• Task instructions
Could you retype exactly the line containing "1月7日,昆明学院和红云红河" and every line after it in the data below, leaving out the pictures?

• Recorded information
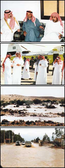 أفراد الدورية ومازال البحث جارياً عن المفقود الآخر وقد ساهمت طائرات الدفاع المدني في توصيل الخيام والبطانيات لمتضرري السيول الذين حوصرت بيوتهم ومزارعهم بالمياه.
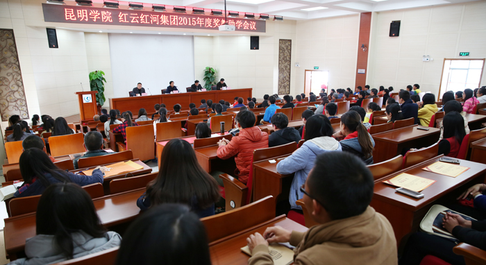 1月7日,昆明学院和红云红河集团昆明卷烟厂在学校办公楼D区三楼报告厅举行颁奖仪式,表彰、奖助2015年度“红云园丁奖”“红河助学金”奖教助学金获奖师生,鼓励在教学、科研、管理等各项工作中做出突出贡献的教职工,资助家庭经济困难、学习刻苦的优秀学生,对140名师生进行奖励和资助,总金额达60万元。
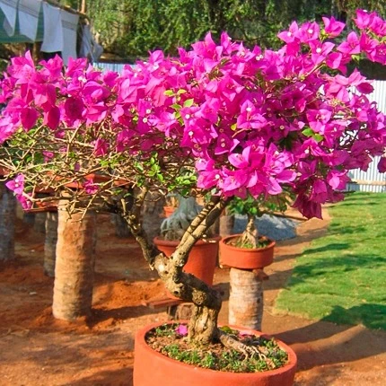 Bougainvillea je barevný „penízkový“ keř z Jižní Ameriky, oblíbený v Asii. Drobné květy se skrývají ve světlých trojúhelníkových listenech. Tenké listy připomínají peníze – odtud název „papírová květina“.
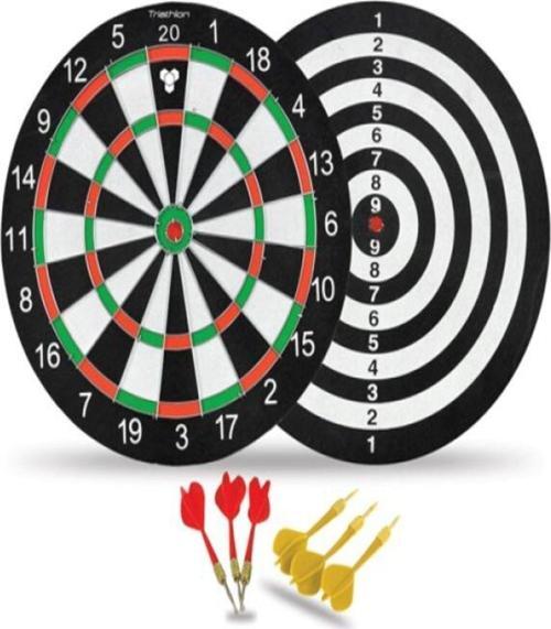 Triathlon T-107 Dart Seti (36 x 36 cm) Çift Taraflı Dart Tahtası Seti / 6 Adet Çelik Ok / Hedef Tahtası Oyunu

• Answer section
 1月7日,昆明学院和红云红河集团昆明卷烟厂在学校办公楼D区三楼报告厅举行颁奖仪式,表彰、奖助2015年度“红云园丁奖”“红河助学金”奖教助学金获奖师生,鼓励在教学、科研、管理等各项工作中做出突出贡献的教职工,资助家庭经济困难、学习刻苦的优秀学生,对140名师生进行奖励和资助,总金额达60万元。
 Bougainvillea je barevný „penízkový“ keř z Jižní Ameriky, oblíbený v Asii. Drobné květy se skrývají ve světlých trojúhelníkových listenech. Tenké listy připomínají peníze – odtud název „papírová květina“.
 Triathlon T-107 Dart Seti (36 x 36 cm) Çift Taraflı Dart Tahtası Seti / 6 Adet Çelik Ok / Hedef Tahtası Oyunu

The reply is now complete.